Hayward v Zurich Insurance Co Plc – Case Summary

Hayward v Zurich Insurance Co Plc

Supreme Court

Citations: [2016] UKSC 48; [2017] AC 142; [2016] 3 WLR 637; [2016] 4 All ER 628; [2016] 2 CLC 246; [2017] Lloyd’s Rep IR 84; [2016] CILL 3865.


The defendant suffered an injury at work. He claimed substantial compensation from his employer. The employer suspected that the defendant exaggerated his injuries, but initially could not prove it. They agreed to settle the claim for a third of the amount claimed.

The employer’s insurers later acquired proof that the defendant had recovered entirely from his injuries a year before the settlement. The insurer sued the defendant for damages in the tort of deceit. They sought to rescind the settlement agreement.

At first instance, the High Court held that there was an actionable deceit. This meant that the insurers could rescind the contract. Without the deceit, the defendant would have been paid only a ninth of what he originally claimed. The defendant was ordered to pay back the difference. On appeal, the Court of Appeal held that the contract was not rescinded, because the insurers did not rely on the defendant’s representations when reaching the settlement agreement. This was because the insurers never fully believed the defendant’s claims. The insurers appealed.

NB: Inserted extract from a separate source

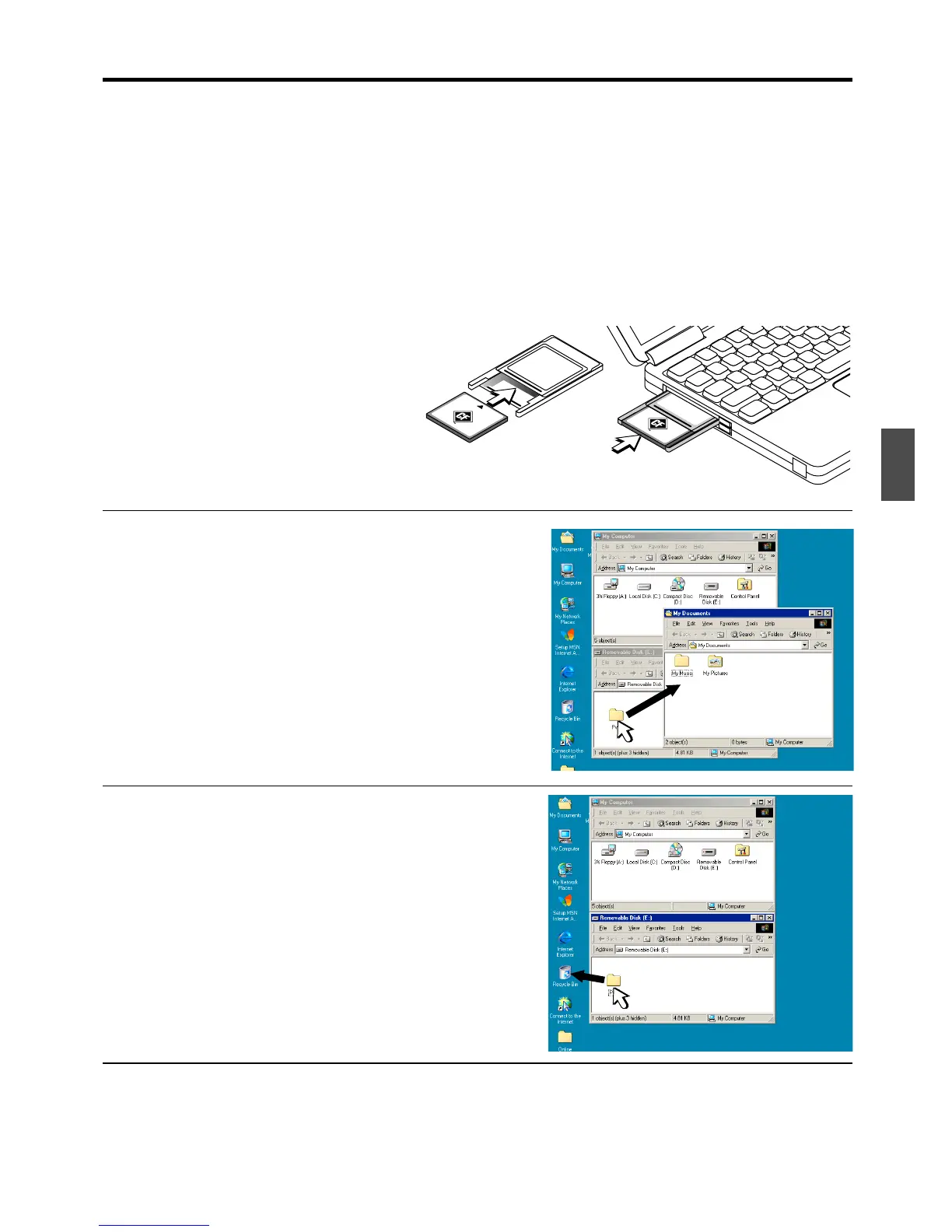1.Insert the memory card into the PC card
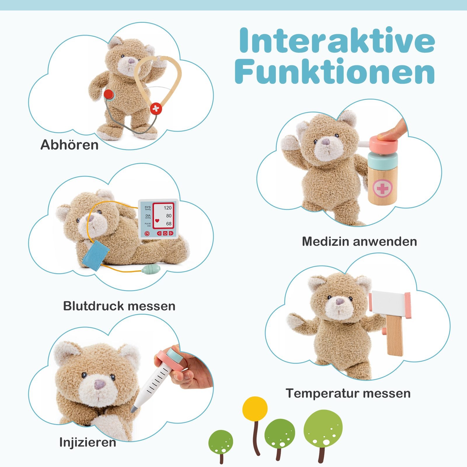 Skatinkite vaiko vaizduotę ir ugdykite rūpinimosi kitais įgūdžius su mūsų mediniu medicininių instrumentų žaidimų rinkiniu! Sukurtas atsižvelgiant į vaikų raidą ir saugumą, šis rinkinys siūlo daugybę interaktyvių elementų, kurie leis vaikams pasijusti tikrais gydytojais.

  1. Did the insurers rely on the defendant’s misrepresentations?

The Supreme Court held in favour of the insurers. The defendant’s misrepresentations caused the insurers to pay out the settlement. This was the case even though the insurers did not believe that what the defendant was saying was true. This was enough to make out an actionable deceit. The Supreme Court restored the decision of the High Court judge.

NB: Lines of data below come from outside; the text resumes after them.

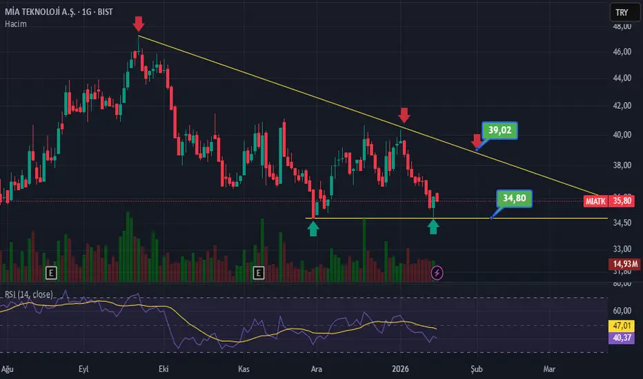 #mıatk günlük grafikte düşen kanal devam etmekte ikili dip formasyon çalışması yaparak yönünü yukarı çevirmiş durumda 39,02 direnç kırıldıgında akrasif yükseliş olacagını düşünüyorum... yatırım tavsiye degildir.
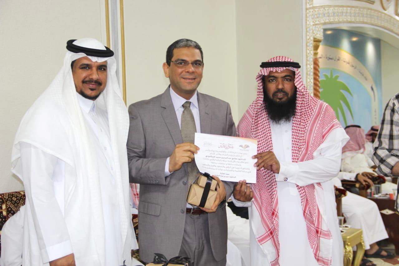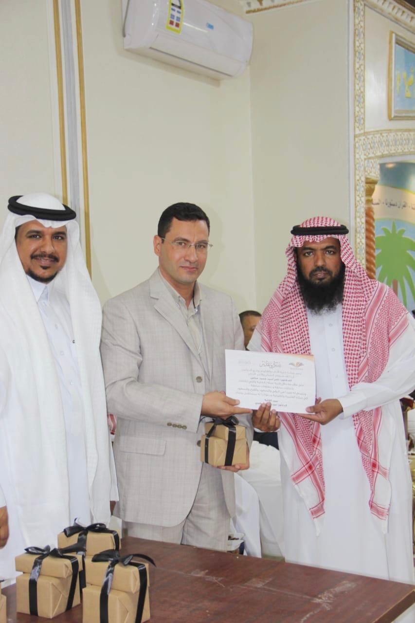 وعبر المطيري قائلا اليوم لـنا وقفه مع أشخاص أعـطوا الكـثير فـاستحقوا مـنا الـشيء اليسيـر تـميزوا بـعملهم وتـواجدهم ومـشاركـاتهم وعـطروا أرجـاء كليتهم بـعبق جهودهم ، فـهم هـرم التـميز وقمة الـتألق فجزاهم الله عنا خير الجزاء وبارك الله فيهم وفي جهودهم المبذولة خلال تلك السنوات ، ثم تم تكريم المحتفى بهم والتقطت الصور التذكارية بهذه المناسبة .
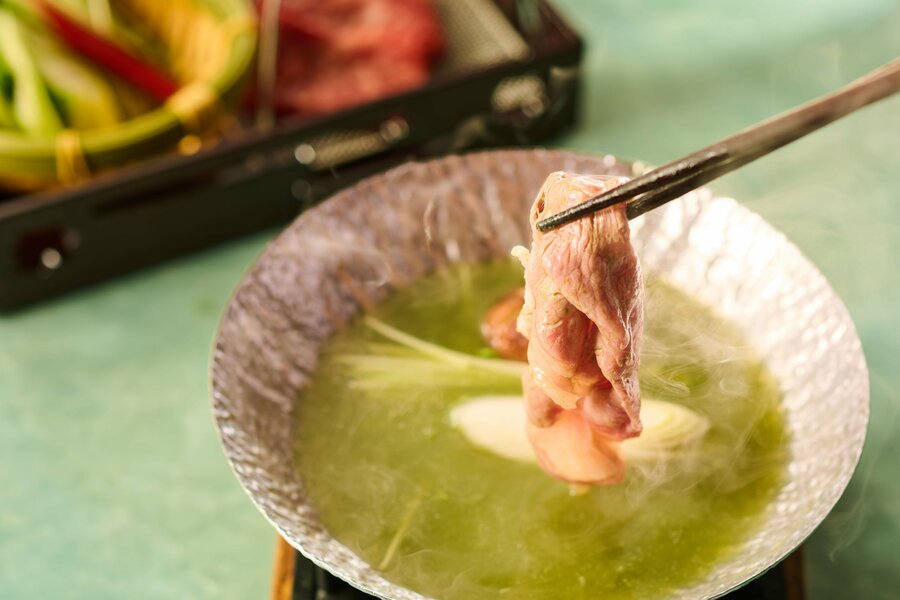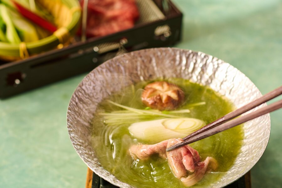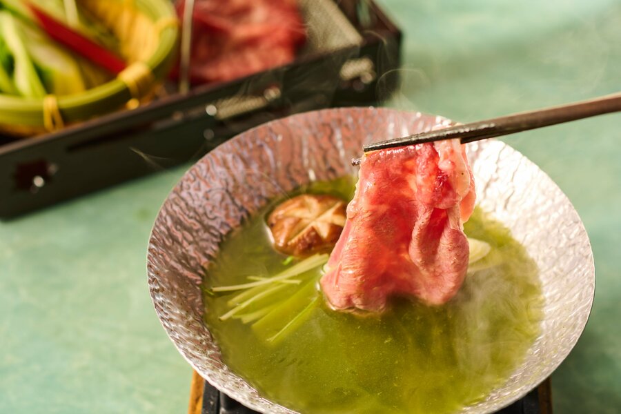 伊東ぐり茶しゃぶしゃぶ、牛肉 長葱 椎茸 スイスチャード アスパラ
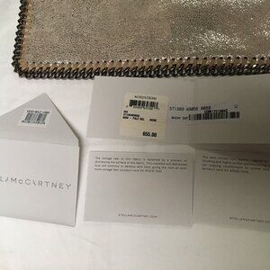 "Pale Gold" Falabella crossbody bag by Stella McCartney. (It looks pinkish-silver metallic to me.) Shiny dot texture. One main compartment with a zipper, short shoulder strap. Made from cruelty-free alternative to animal leather. Signature ruthenium recycled brass and aluminum diamond-cut chain. Waxed GOTS-certified organic cotton lacing. 25cm wide, 16 tall. New, never used, with all tags and dust bag. Retailed for $655.
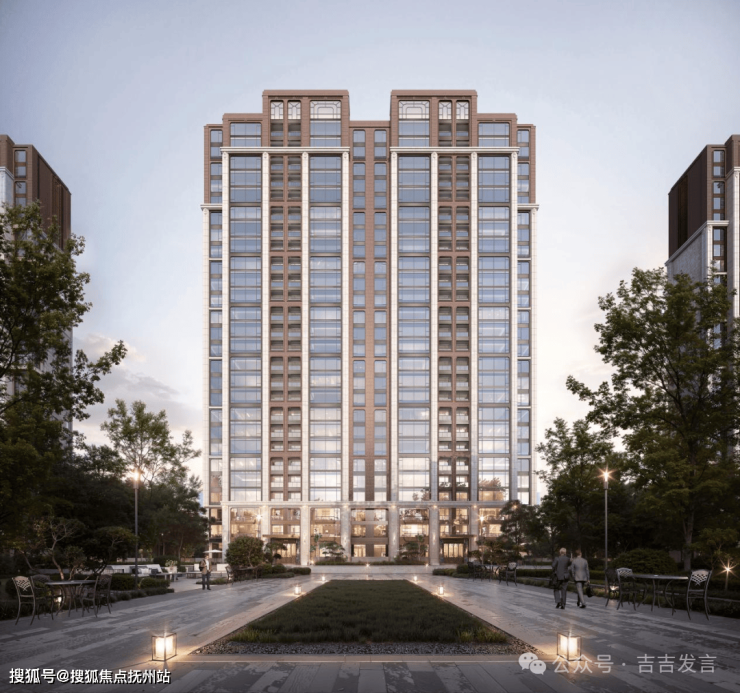 一庭:【瑰丽门庭】酒店式豪宅美学界面,以金属细节和石材彰显贵气,定制化艺术铺装彰显入口门庭;奢华大挑檐,中心设计艺术水景,增加入口仪式感;结合门楼落客等候区设计山水庭院,由恢宏门庭到自然花园,华丽向自然的过渡,彰显豪宅礼序。
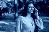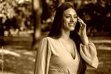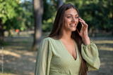 Smiling beautiful woman talking on smartphone outdoors, medium shot of happy female enjoying nature in green city park
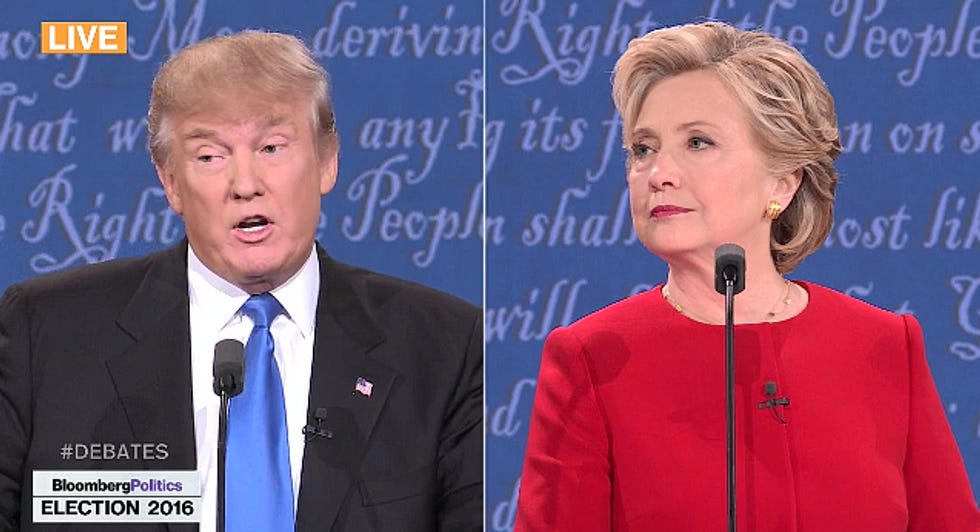 9: 18 PM: There's a lot of back and forth already -- Donald interjects when he disagrees, and Hillz steamrolls over it -- but her energy is up and she's bringing up quick, pertinent points about YO THE ECONOMY BREAKS UNDER REPUBLICANS. I honestly have no idea what he's talking about, because he rambles too much. But here: "You've been doing this for 30 years. Haven't you thought of a solution to the economy or whatever?" (That is not a direct quote, because the boys in the chatcave are all DYING OF CONSUMPTION.) And she breaks into a big pretty smile: "Actually, the economy was pretty good under my husband." But Trump is filibustering, and people will probably believe him because there were very many words.

This Case is Authority For…

An action for deceit based on misrepresentation requires the claimant to show:

  1. That the defendant made a materially false misrepresentation;
  2. That this representation was intended to induce, and did induce, the contract;
  3. That this caused the claimant loss.

However, this does not mean that the claimant must believe that the representation is true. The misrepresentation only needs to be a material cause of the contract. It need not be the only cause.

Lord Clarke explained that in practice, it may be difficult to prove that the misrepresentation was a material cause if the claimant does not believe it. However, it does not make it impossible. In this case, the fact that the misrepresentations convinced the insurer that the defendant would succeed at trial, so the settlement was worth making, established inducement.

Lord Clarke stated that if the defendant intended to induce the contract using misrepresentations, this is evidence that the claimant was so induced. This is sometimes referred to as a presumption of inducement.

Lord Clarke noted that the authorities are not entirely clear on how to rebut the presumption. Some cases say that the defendant must show that the misrepresentation ‘played no part at all’ while others say it must not have played a ‘real’, ‘determinative’ or ‘substantial’ part. Lord Clarke did not resolve the matter, simply saying that it is difficult to rebut the presumption.


The person receiving the misrepresentation is not under a duty to exercise any care or diligence in believing or investigating the statement. The fact that the claimant carries out their own investigations does not necessarily mean that they did not rely on the misrepresentations. As Lord Clarke put it:

‘Qualified belief or disbelief does not rule out inducement, particularly where those investigations were never going to find out the evidence that subsequently came to light.’